People asked to find their way out of a burning building overwhelmingly elected to follow an "emergency guide robot" along a previously unknown route instead of taking the exit they had entered through.

This suggests that people will place an inordinate amount of trust in machines, irrespective of what common sense might indicate and despite the risk of a robot malfunctioning.

Researchers at the Georgia Institute of Technology, in Atlanta, say their study shows that people see robots as authority figures that can be trusted in an emergency.

Participants in the study were first led by the brightly coloured robot, controlled by a hidden researcher, into a room, often with an unusual detour or breakdown along the way.

When the building was filled with artificial smoke and fire alarms were set off, they would open the door to find the robot in the hall.

Despite the robot's previous erratic behaviour, the vast majority followed the robot down a hallway to the back of the building instead of taking clearly marked exits.

In some cases the participants would follow the robot down a darkened hall blocked with furniture, even attempting to squeeze past the obstacle.

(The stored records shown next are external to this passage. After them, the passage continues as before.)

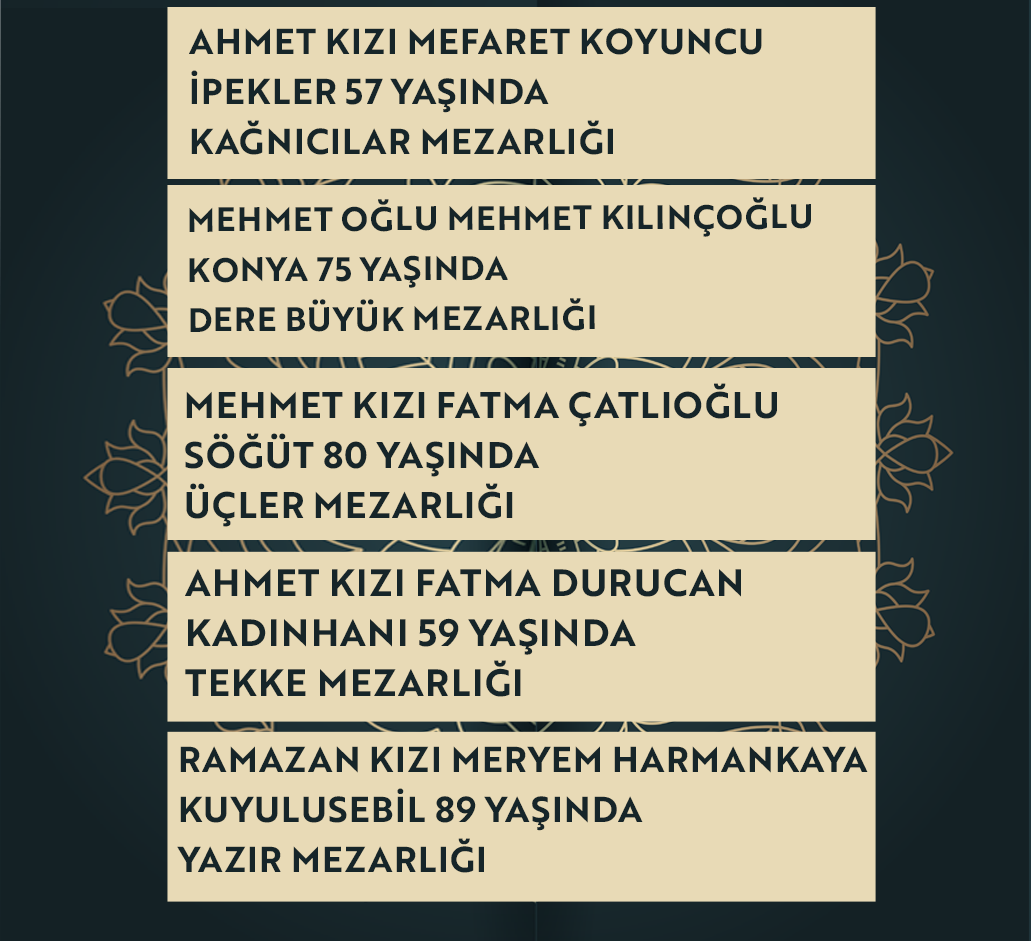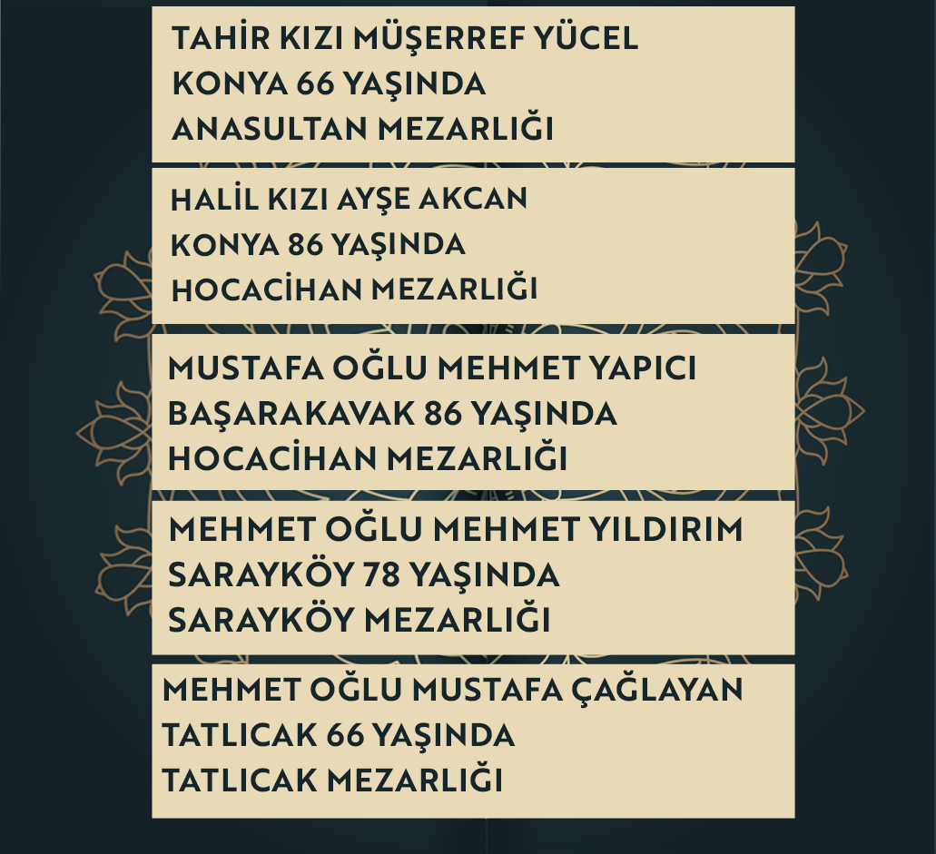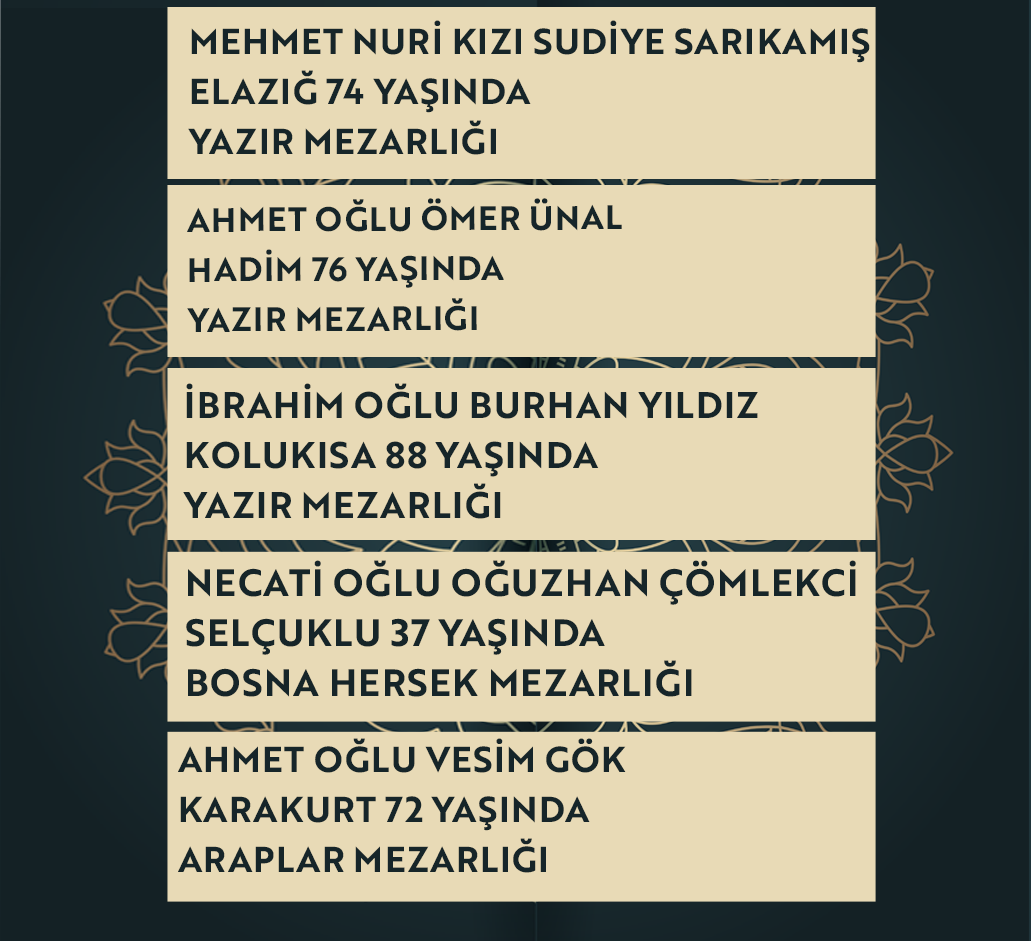 Bugün Konya’da hayatını kaybeden 24 kişi toprağa verildi. İşte 3 Şubat Salı günü vefat edenler ve cenaze bilgileri.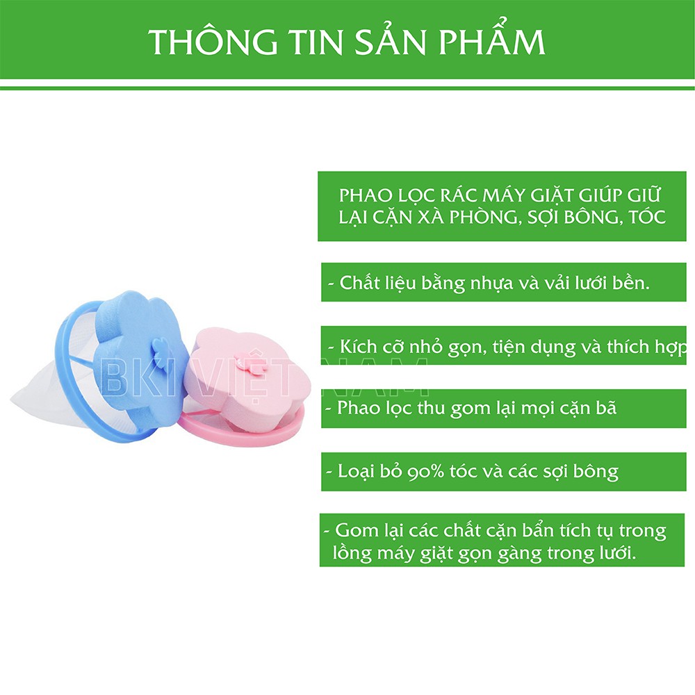 💐Phao lọc bụi bẩn máy giặt dành cho máy giặt là túi để lọc các bông hoặc xơ vải của quần áo khi giặt đổ, tránh không cho các sợi vải đi xuống đường thoát nước làm nghẹt máy, duy trì tuổi thọ máy giặt lâu bền hơn.THÔNG TIN CHI TIẾT: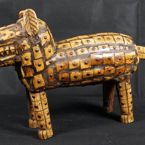 Et par afrikanske feticher fra Bamoun-folket lavet af buffelben fra Cameroun.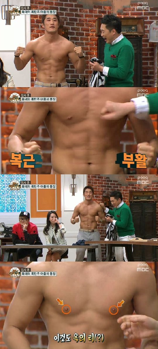 그는 운동으로 다져진 탄탄한 근육질 몸매를 공개해 출연자들의 환호를 받았다. 그러나 컬투는 "몸에 비해 젖꼭지가 작다. 그게 '어처구니' 없다"고 말해 웃음을 자아냈다.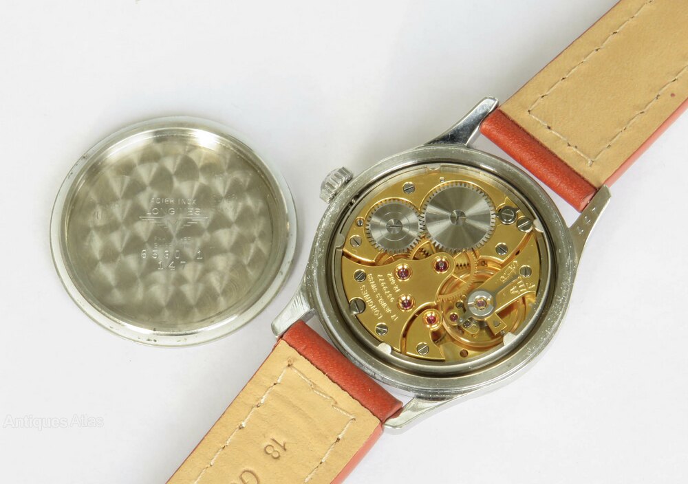 The watch measures 34.5mm diameter excluding the winding crown and the lugs. The case is stainless steel and it is in good condition with just general light surface marking, nothing too serious at all. The screw-on case back is signed with the Longines name on both the inside and outside, and it also has a past owner’s name. The case back also states that the watch is waterproof but, as with any vintage watch, it should be kept away from water and moisture.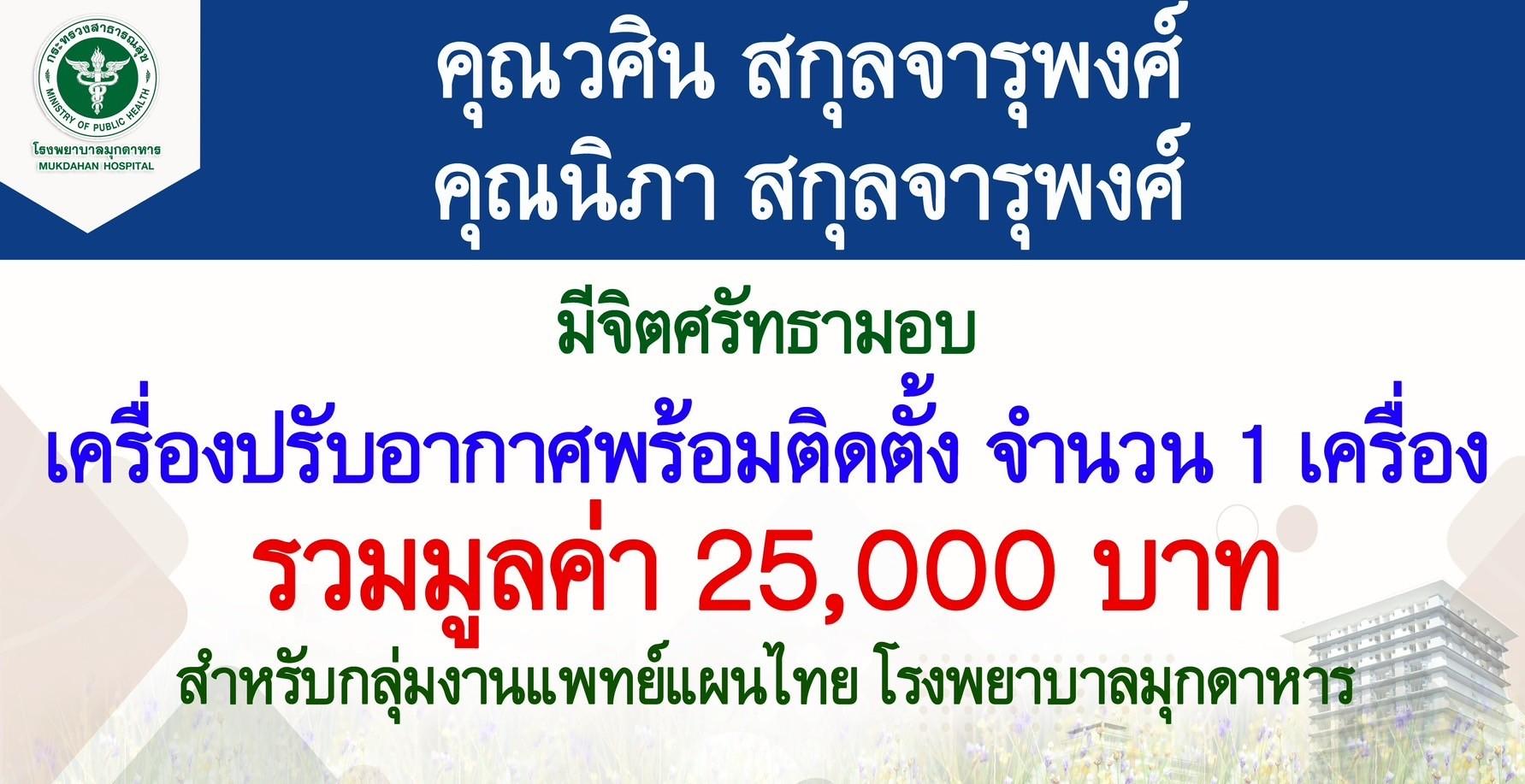 มีจิตศรัทธามอบเครื่องปรับอากาศพร้อมติดตั้ง จำนวน 1 เครื่อง รวมมูลค่า 25,000 บาท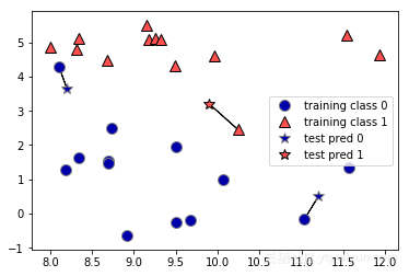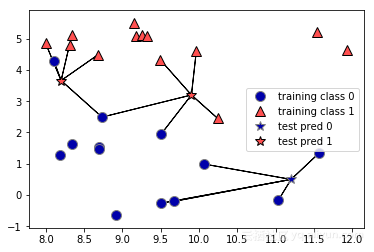 从图中可以看到,我们添加了三个新的数据点,用星星表示。对于三个点中的每一点,我们都标记了训练集中离其最近的点,最近邻算法的预测输出就是标记的这点(用交叉颜色进行表示)。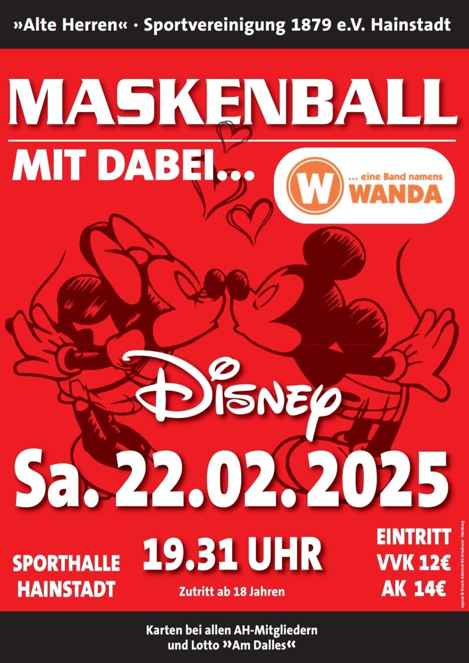 Unter dem Motto Disney laden wir dich ein, in die zauberhafte Welt deiner Lieblingscharaktere einzutauchen. Ob Prinzessin, Bösewicht oder Held – lass deiner Fantasie freien Lauf! Für die perfekte Fastnachtsstimmung sorgt die gefeierte Band namens Wanda, die mit den besten Party Hits den Abend unvergesslich machen wird. Sei dabei, wenn Märchen auf mitreißende Musik treffen, und feiere mit uns einen Abend voller Glanz, Spaß und Magie.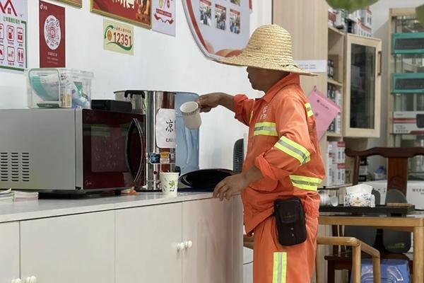 在城關鎮解放路,環衛工人林美妹清掃完街道后,如往常一般走進世佳辦公服務商行,倒了杯茶解渴。“以前看店里這么干凈,我都不敢進來,現在就像到自己家。我還常跟店主說‘多煮點魚腥草涼茶,消暑’。”林美妹笑道。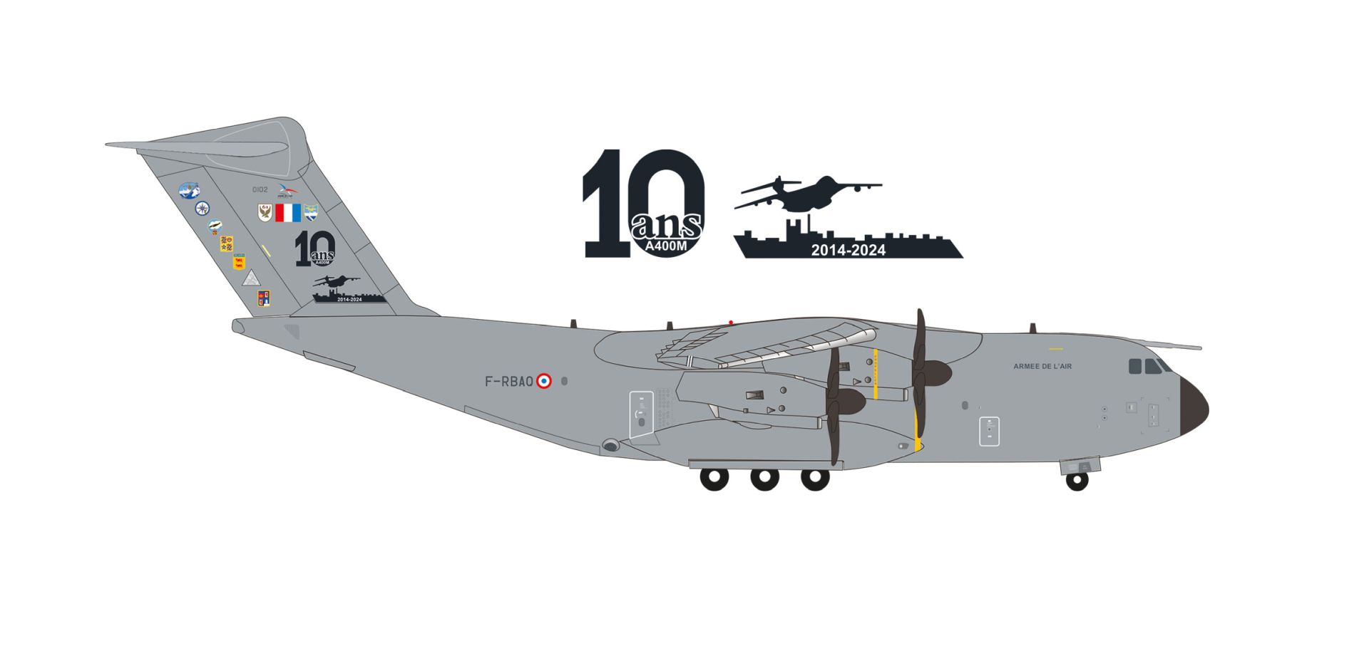 Nach einigen Rückschlägen und Programmverzögerungen, die vor allem auf den Einsatz des damals brandneuen Europrop TP400-Triebwerks, des leistungsstärksten Turboprop-Triebwerks mit einem einzigen Propeller, zurückzuführen waren, konnten die ersten A400M Atlas-Transporter ab Ende 2013 an die ersten Luftwaffen übergeben werden. Zur Feier des zehnten Jubiläums hat die 1. Staffel des 61. Geschwaders in Orleans-Bricy eine Sonderbemalung auf das massige Leitwerk eines ihrer Transporter angebracht und die Embleme der Einheiten hinzugefügt, die den A400M innerhalb der französischen Luftwaffe betreiben oder den nahtlosen Betrieb unterstützen.

"We absolutely didn't expect this," said Paul Robinette, who led the study.

The pressure of the situation - which participants were led to believe was a real emergency - might have made people more likely to trust the robot, the researchers suggested.

Other studies, in low-pressure situations, have shown that people are more likely to be sceptical about robots that have previously been shown to be erratic.

"People seem to believe that these robotic systems know more about the world than they really do, and that they would never make mistakes or have any kind of fault," said Alan Wagner, a senior research engineer at Georgia Tech.